The president of Mozambique, Filipe Nyusi, has criticised the intimidation of people with “different opinions” and called for the use of “legal tools” to resolve conflicts, stressing that this is a “democratic rule of law” and the best way to proceed, amid ongoing demonstrations to contest the results of the 9 October general elections.
“The intimidation of people with different opinions, the vandalisation of public and private infrastructure that serves everyone cannot be a means of expressing our feelings,” declared Nyusi, during the inauguration of a courthouse in the district of Nhamatanda, in the central province of Sofala.
Referring to a new phase of demonstrations and seven-day stoppages called by presidential candidate Venâncio Mondlane, who is contesting the election results announced by the National Electoral Commission (CNE), Nyusi said that resorting to violence to resolve any conflict “is not the hallmark of Mozambicans” and pointed out that differences will always exist.

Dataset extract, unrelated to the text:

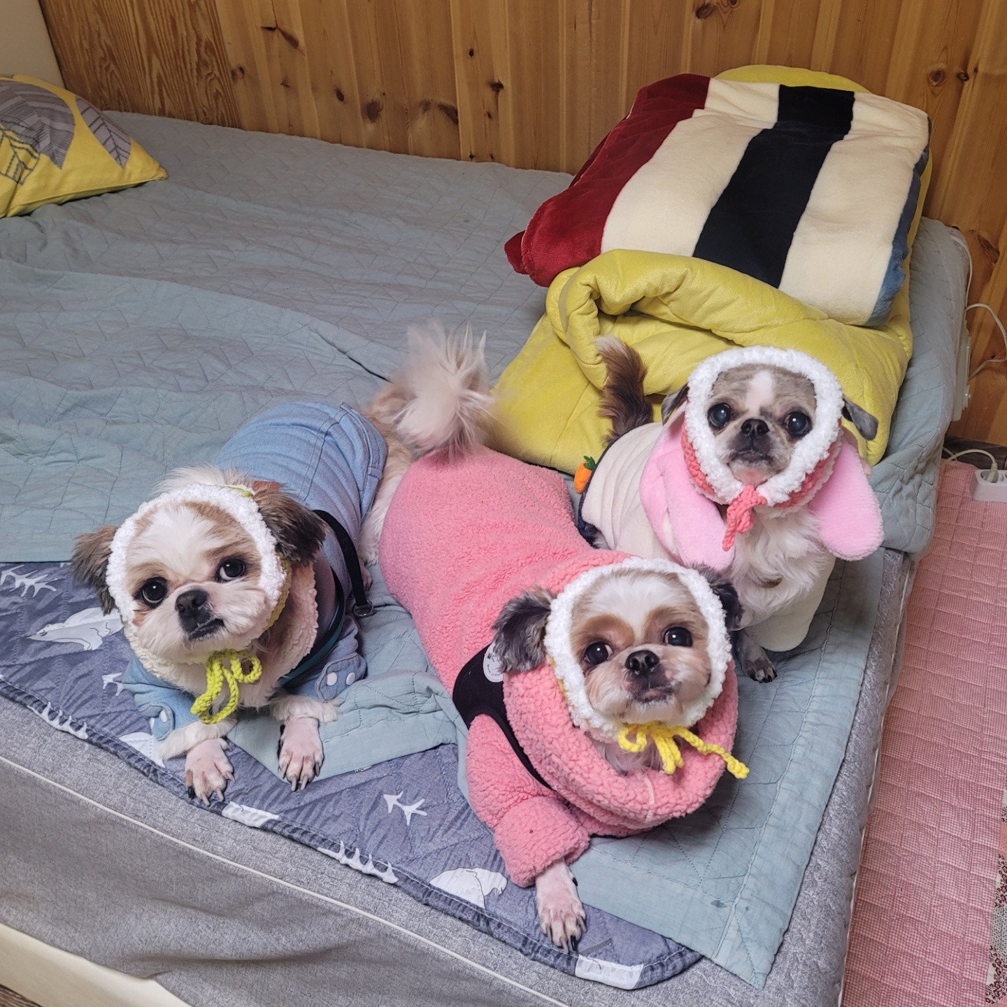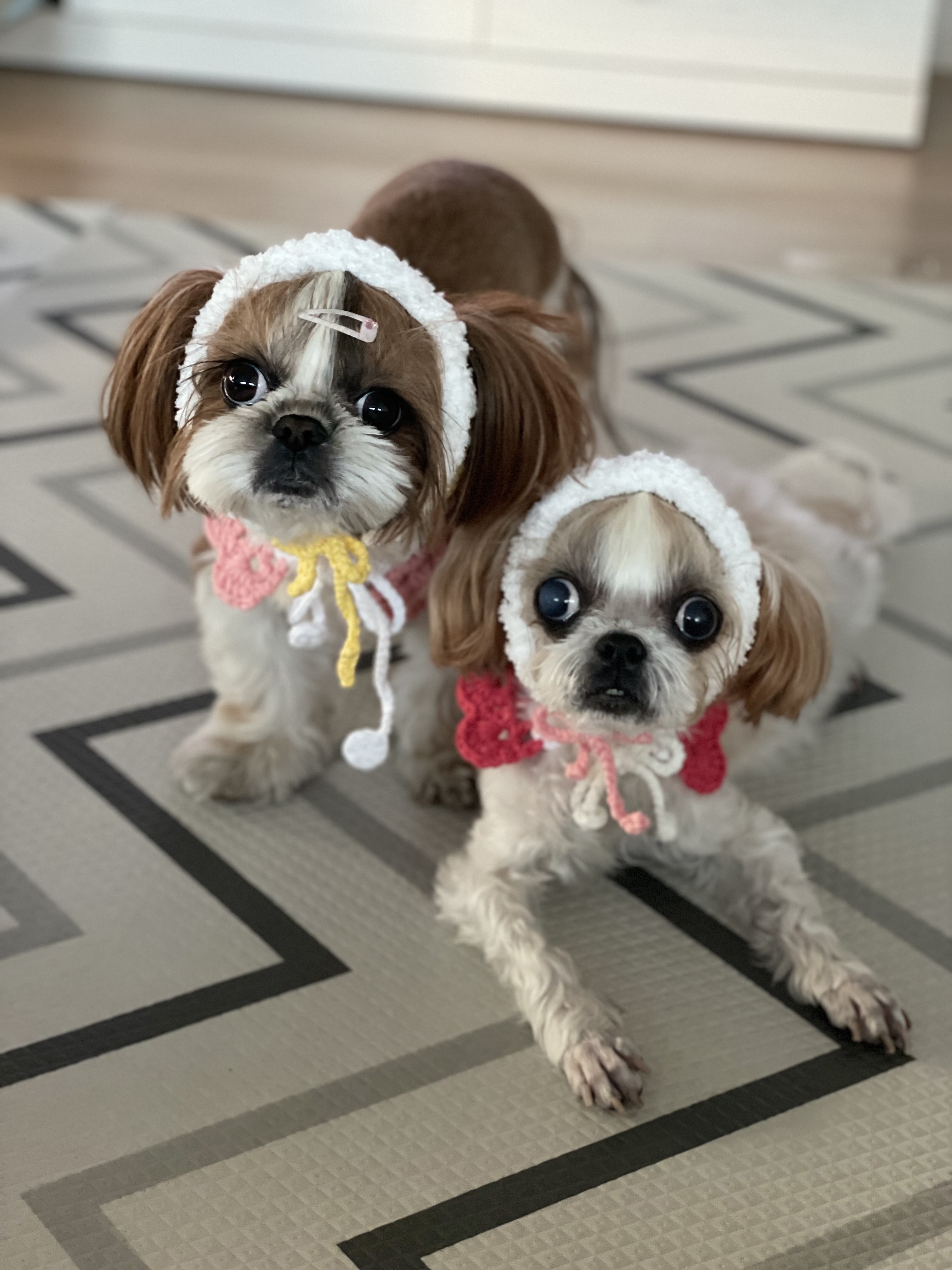 이땐 겨울에 귀도리를 많이 만들어서 강쥐친구들에게 나눠주겠다는 마음을 먹고 귀도리 프로젝트를 했어 ㅋㅋㅋ그래서 만들었던 색상별 테스트사진이야 ㅎㅎ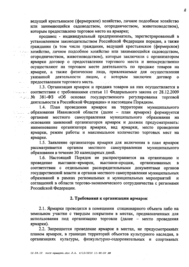 Постановление Правительства Ивановской области от 17.05.2010 N 147-п "Об утверждении Порядка организации ярмарок и продажи товаров на них на территории Ивановской области"

“We use the legal tools to resolve them. We are a country where the rule of law prevails, a democratic state governed by the rule of law,” declared the head of state, repudiating acts of violence during demonstrations. “When the law doesn’t offer us the best way forward, let’s use dialogue to overcome our differences and never violence or extortion of passengers.”
In the same speech, Nyusi criticised the countries that supposedly support the perpetrators of the demonstrations, pointing to them as fomenters of violence.
“They don’t do this in their own countries and are even withdrawing their fellow citizens so as not to suffer violence,” he said of these countries, without naming them. “And where will we go? Who is going to remove us if this is our land?” .
The president also called for children not to take part in the demonstrations.
“We reiterate our appeal to society, particularly families, to protect our children,” he said. “We have experience of children who have grown up seeing their parents always fighting and they become violent because they think that’s just the way things are.”
Mondlane, the presidential candidate, has called for a fresh week-long phase of post-election protests, which began on Wednesday, in “all the neighbourhoods” of Mozambique, with the paralysis of automobile traffic from 8 a.m. to 4 p.m.
The announcement by the CNE on 24 October of the results of the 9 October elections, in which it awarded victory to Daniel Chapo, supported by the governing Mozambique Liberation Front (Frelimo) in the election for president, with 70.67% of the votes, triggered popular protests, called by Mondlane, which have degenerated into violent clashes with the police.
According to the CNE, Mondlane came second with 20.32%, but he does not recognise the results, which have yet to be validated and proclaimed by the Constitutional Council.